Document Type
Conference Proceeding
Publication Date
1970
Abstract
Since the summer of 1965 when the Michigan Supreme Court first authorized law student practice on the behalf of indigent persons, students at the University of Michigan Law School have been engaged in extensive practice on behalf of indigent persons in Washtenaw County. Between 75 and 125 second and third year students at the University of Michigan Law School each semester have worked at the Washtenaw County Legal Aid Clinic under the direction of the OEO Staff attorneys. Students receive neither credit nor pay for such work and their activities are not directly supervised by the faculty. That volunteer experience has become an important and continuing part of the extracurricular legal education at Michigan and an analysis of the strengths and weaknesses of that experience would undoubtedly be illuminating.

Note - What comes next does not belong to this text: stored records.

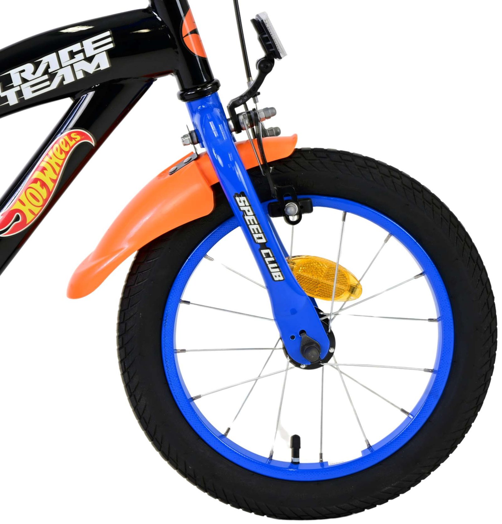 Sigurnost je na prvom mjestu! Stoga, ovaj cool bicikl ima ručnu kočnicu i kočnicu za usporenje i zatvoreni kućište lanca. Osim toga, bicikl ima uklonjive kotače za vježbanje za brzo učenje vožnje bicikla i reflektore u pedalama. Mislilo se i na udobnost. Prekrasan crni Hot Wheels bicikl s plavim i narančastim detaljima ima ugodno meko sjedalo i jedinstveni okvir koji može izdržati. Kako biste što duže uživali u biciklu, sjedalo je podesivo po visini. Ukratko: vrhunski bicikl u kojem vaše dijete može uživati godinama!
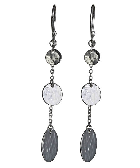 Dangle these sterling silver drop earrings by Argento Vivo for an outstanding look. Featured are 3 sterling silver flat circle charms attached to a chain from one end of the charm. The flat circle hammered finish charms hang loosely to add a glimmering touch.
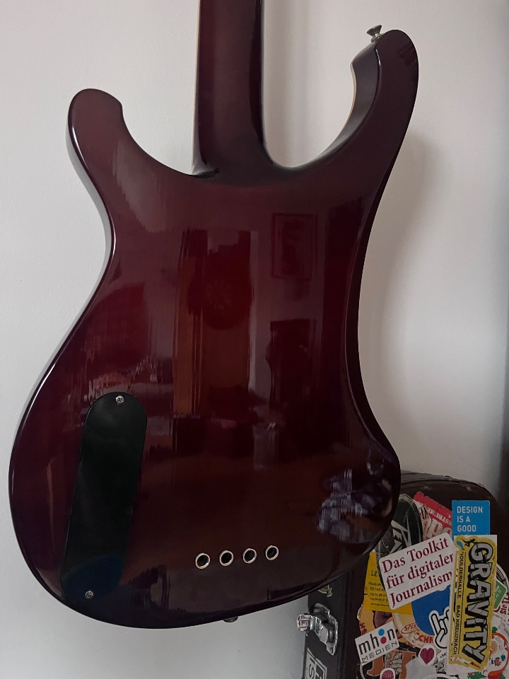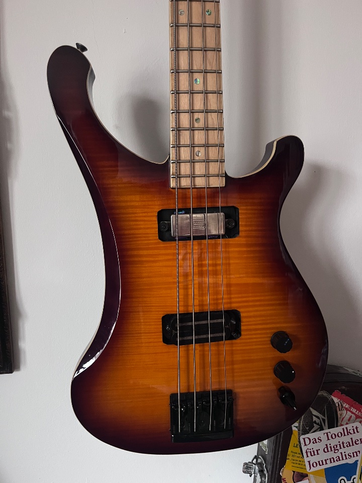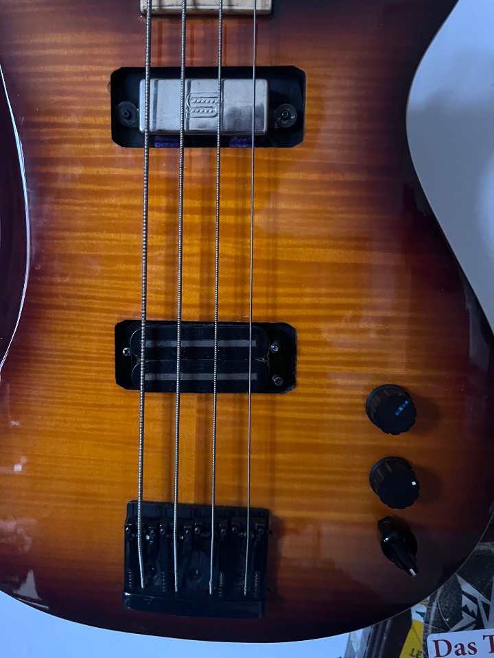 Habe den Bass nach meinen Vorstellungen optimiert: einstellbarer Messingsattel, Schaller Bridge in schwarz, schwarze Mechaniken (Sandberg), Seymour Duncan Rick PickUps, 2 x Vol und Lemme Filter (war die Idee des Vorbesitzers). Damit bekommt der Bass den Rick Growl und ist gleichzeitig sehr vielseitig.
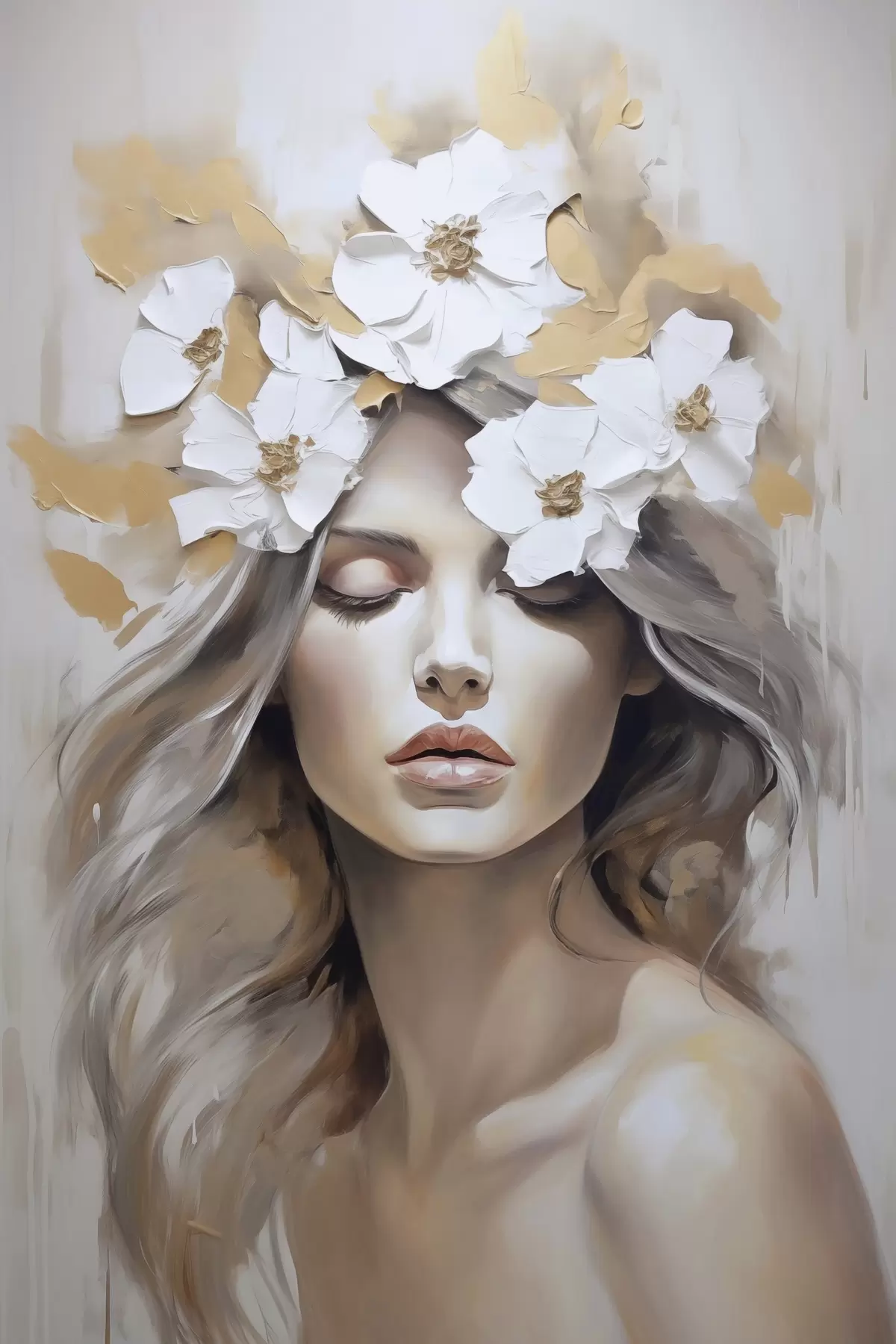 Cuadros Retrato abstracto de una chica con flores Nr s46757
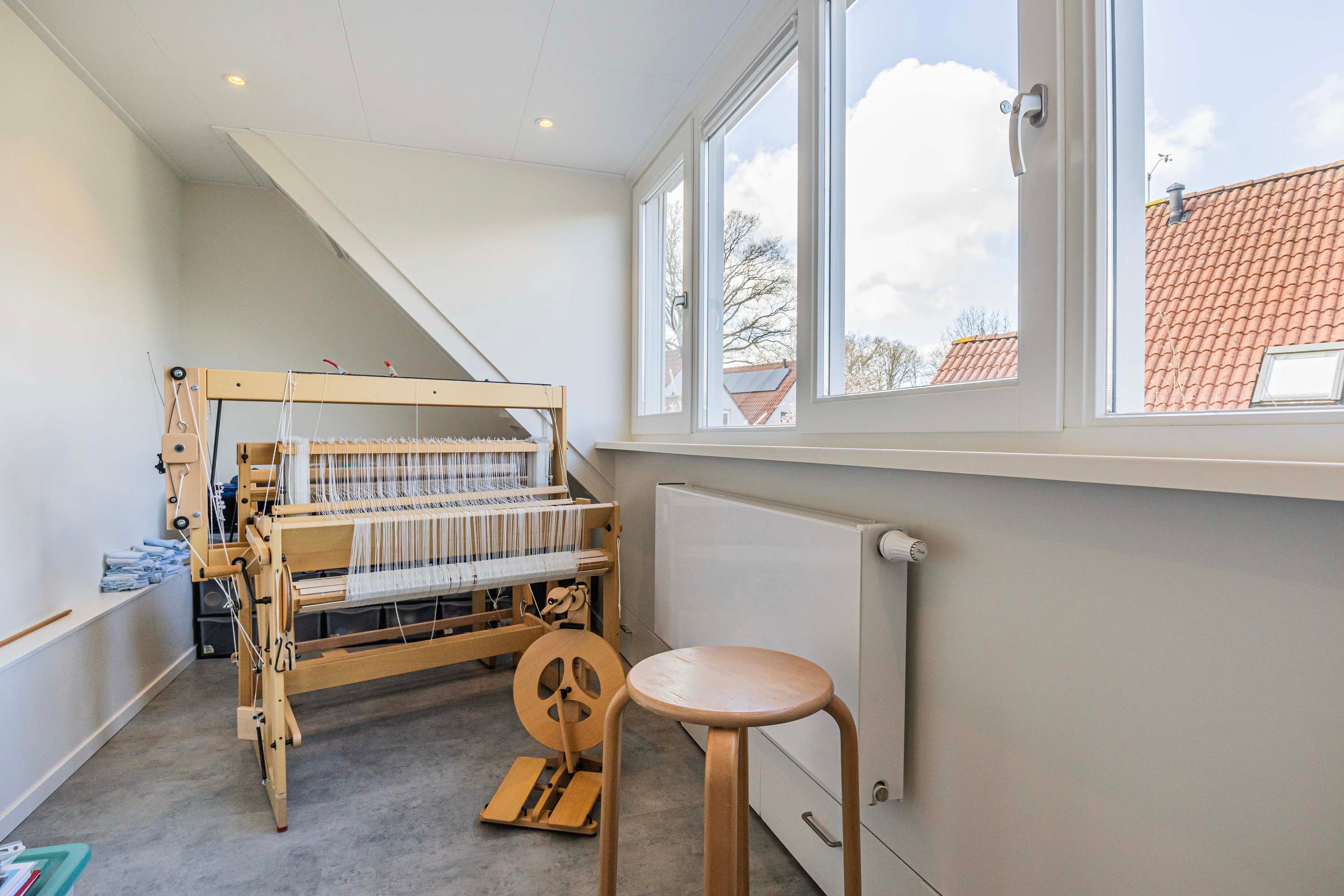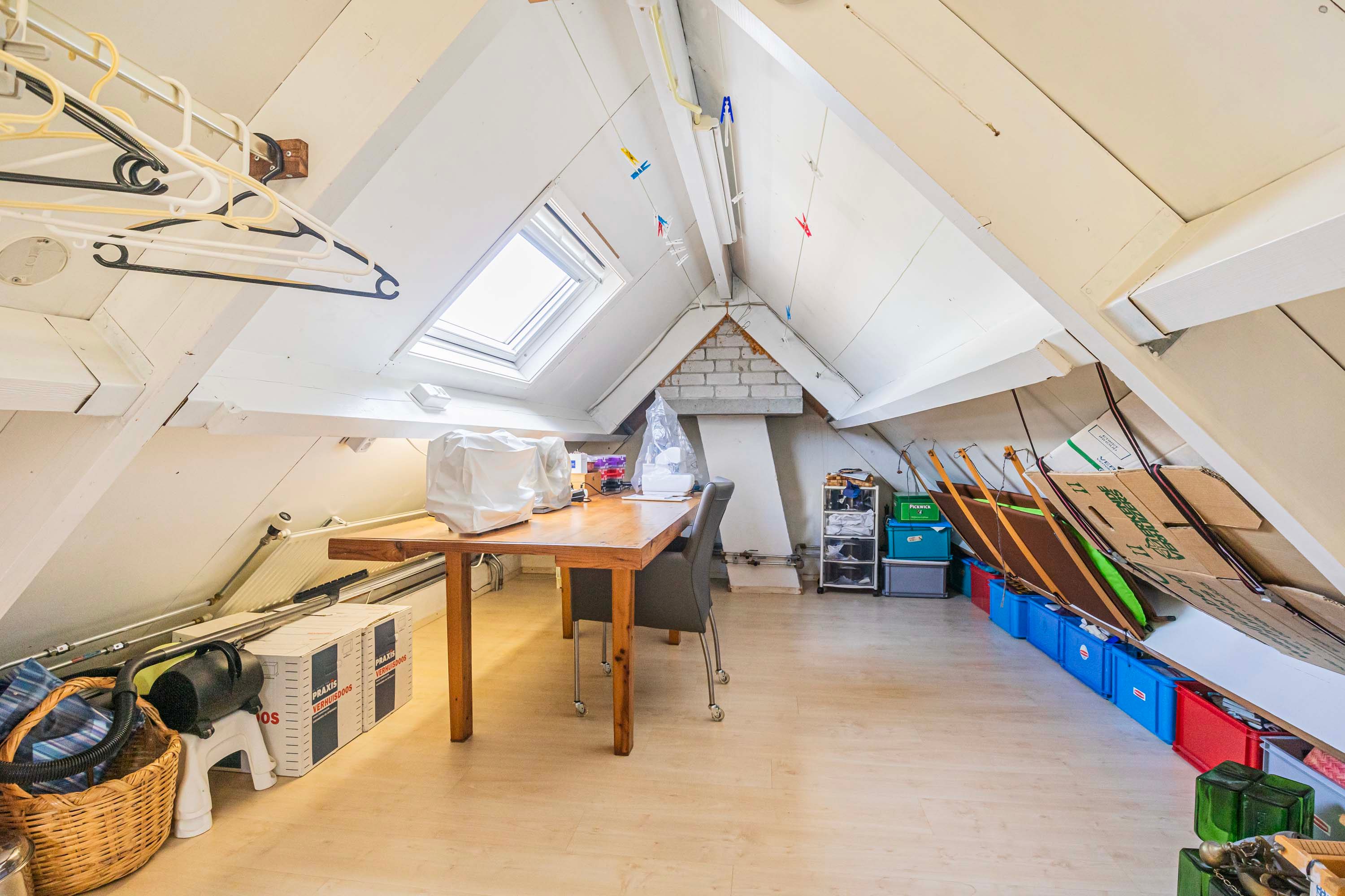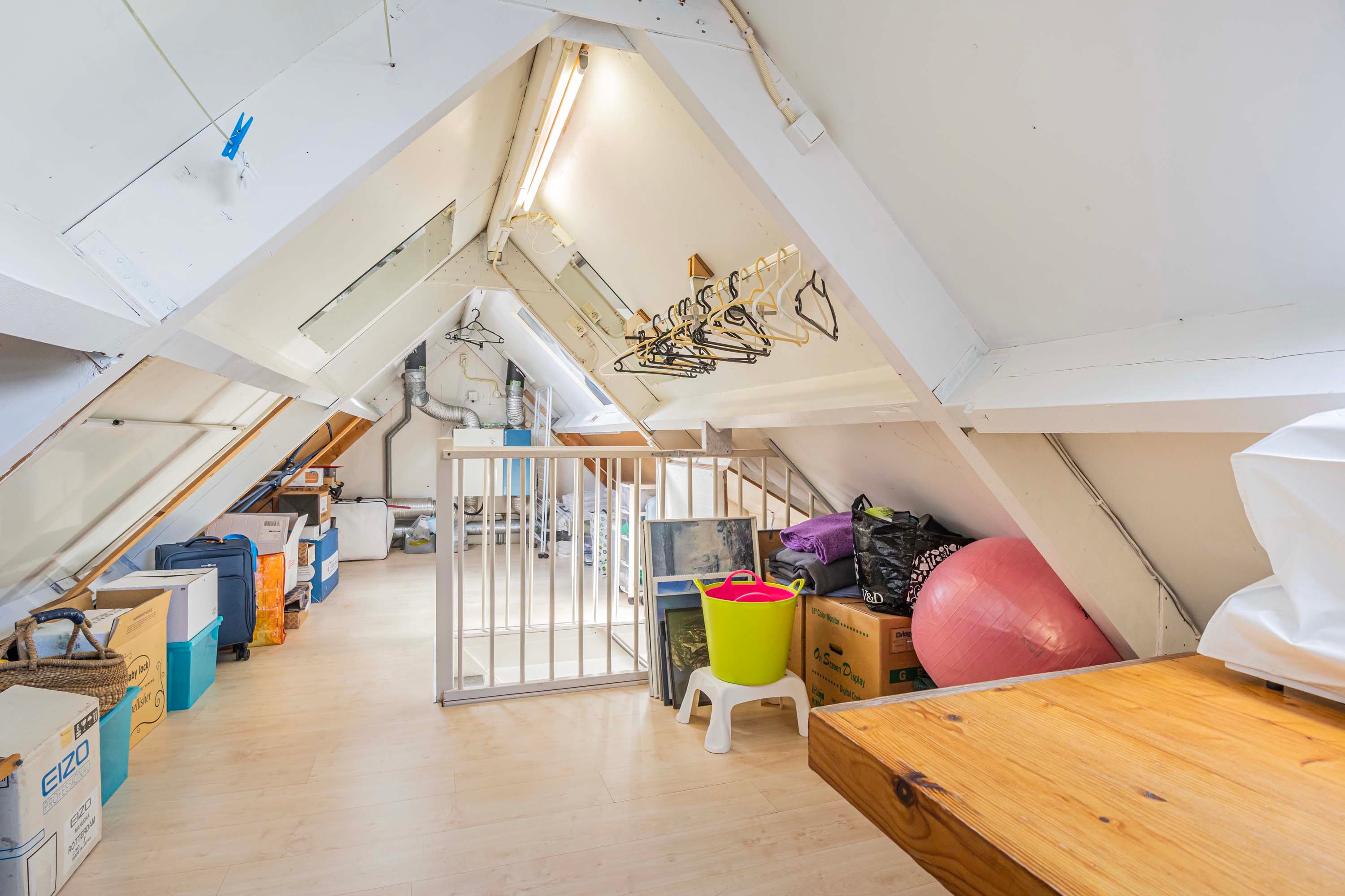 Via een vaste trap bereik je de tweede verdieping, waar één grote open ruimte volop mogelijkheden biedt. Of je het nu inricht als opslagruimte voor al je spullen of als een creatieve atelier, je kunt deze ruimte op diverse manier benutten.
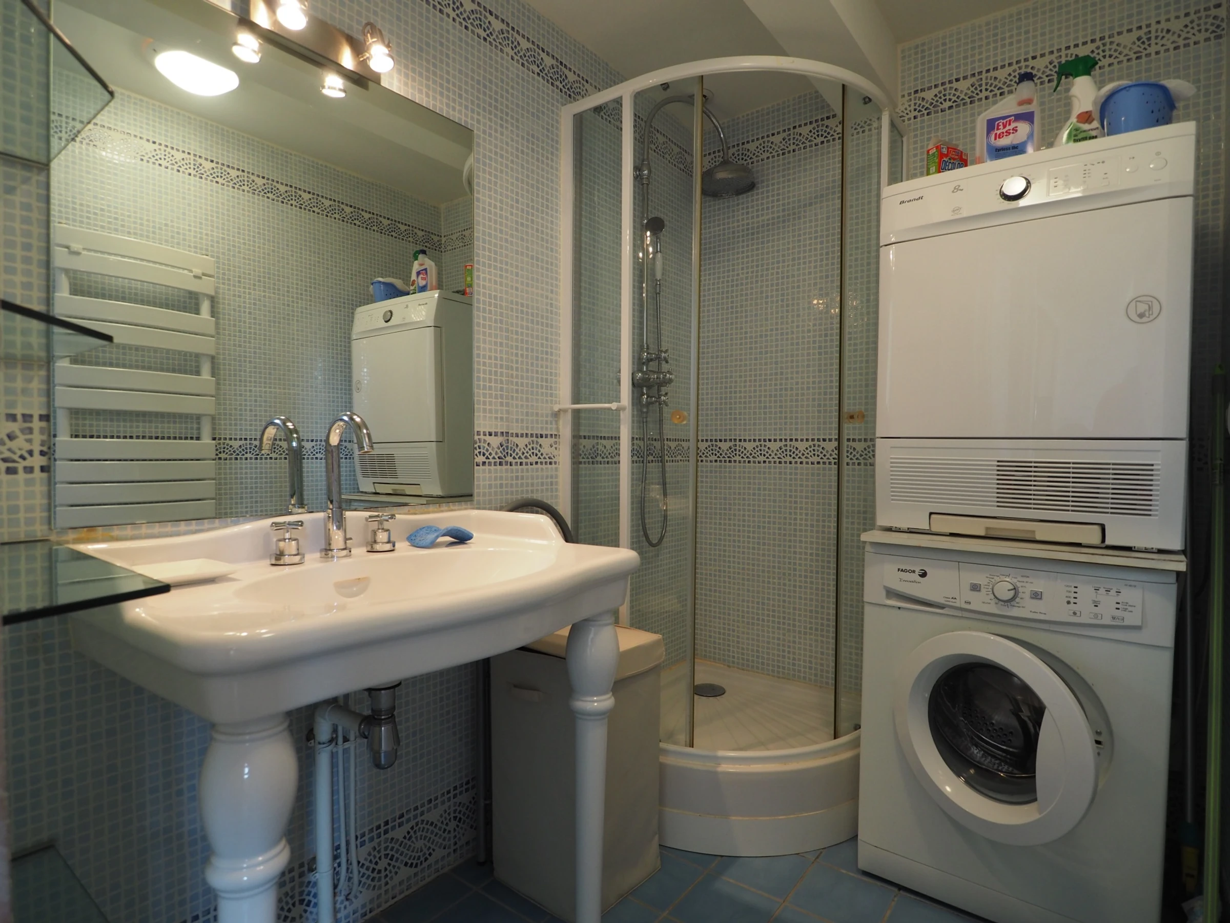 Downstairs: shower + washing machine + dryer

However, I intend to devote the pages that follow not to the Michigan volunteer experience but to a description of a credit course which I conducted at the Washtenaw County Legal Aid Clinic in the summer of 1969. For want of a better title we called the course "Clinical Law."
Recommended Citation
White, James J. "The Anatomy of a Clinical Law Course." In Clinical Education and the Law School of the Future, edited by E. W. Kitch. Chicago: Univ. of Chicago Law School, 1970.
Comments
From the Law Students in Court conference held October 31 and November 1, 1969 at the University of Chicago.